Rick Rosas: (Musician) Mark Guerrero and I went. It was pretty heavy. I was so young. It was really good. Some of the guitars were out of tune.
Mark Guerrero (Musician): It was a great show with one of its highlights being a hot version of ‘Uno Mundo,’ but it was sad to know it was the end of the road for the band.
Denny Bruce: (Record producer/manager): Neil [Young], Jack [Nitzsche] and I had a limo. Jimmy Messina came home with us. His head down and crying, “I can’t believe it’s over.” It was a sense of relief for Neil. He was glad it was over.
I witnessed Buffalo Springfield live on stage during December 1966 at the Santa Monica Civic Auditorium and The Hollywood Bowl in April ’67
Their three ’66-68 albums were always debuted over the Southern California airwaves before the rest of the world discovered them. You really had to live in Hollywood then to further understand and comprehend the initial impact of these regionally-birthed discs and artwork design. Thankfully, I was there.
On 30th July, ’68, Last Time Around, a posthumous album by Buffalo Springfield materialised. Besides supplying bass on the LP, Jim Messina served as engineer and producer. He had earlier assisted Young in assembling ‘Broken Arrow’ and engineered Stills’ ‘Rock And Roll Woman’ for Buffalo Springfield Again.
By Last Time Around, Neil Young was faintly involved with the band and had apparently split their group scene for good.

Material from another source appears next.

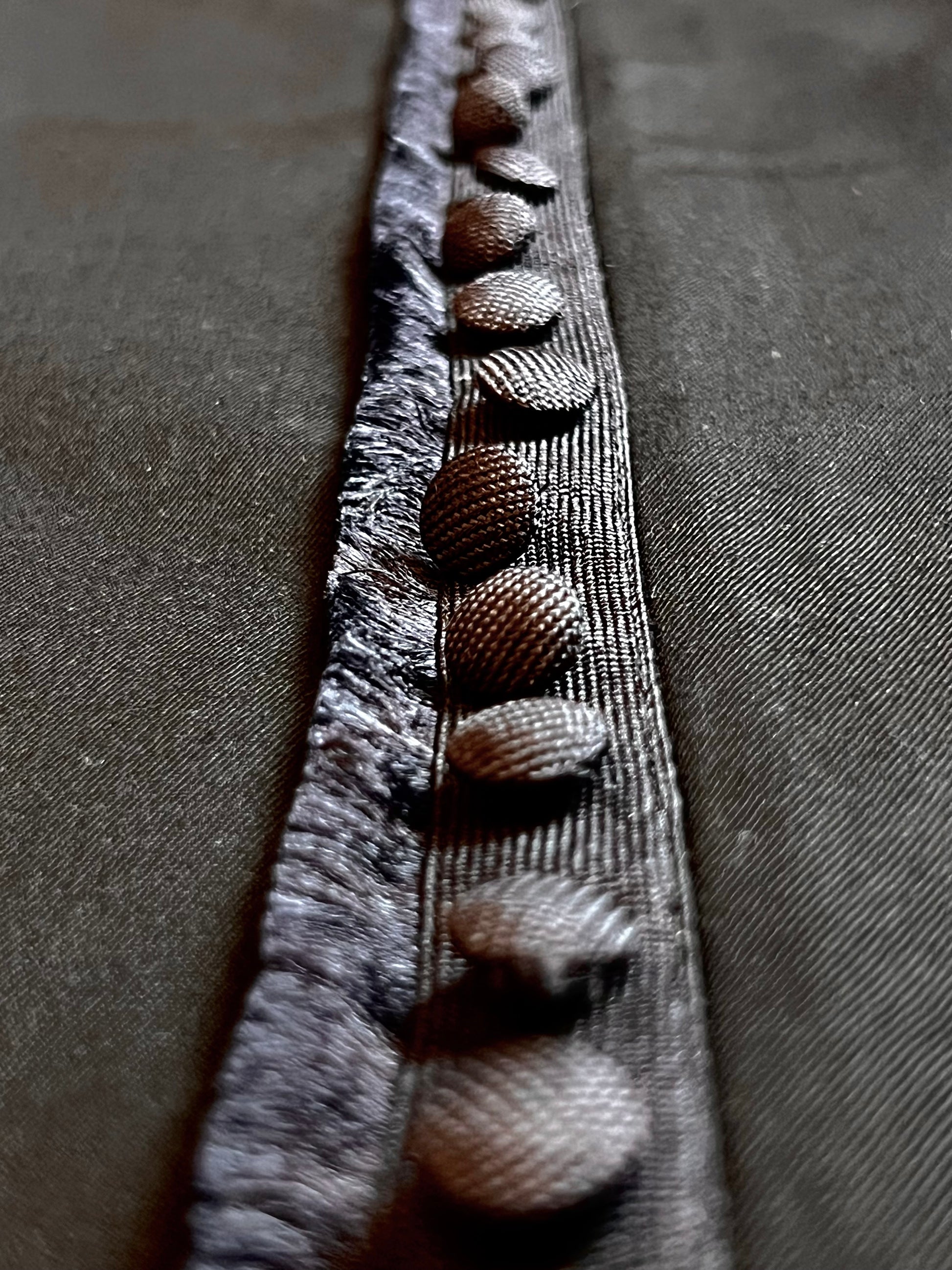 yves saint laurent by tom ford toreador or matador inspired tuxedo-style trousers. features two rows of fabric covered buttons and a small panel of fringe along each leg. unparalleled quality and beautifully tailored, with an ultra high rise and long, slim leg. two pockets at front, still sewn shut. made in france.

But not before providing ‘I Am a Child’ and ‘On the Way Home’.
Richie Furay: Neil could not see himself as second fiddle. He couldn’t and wouldn’t see himself as just a member of the band, one of the five guys.
Pete Johnson in The Los Angeles Times praised the platter: “Within the Springfield were three of the best pop songwriters, singers, and guitarists to be found in any American rock group. I have never seen a group use three guitars as tastefully as they do, weaving a finely detailed fabric whose pattern never blurred from overlapping.”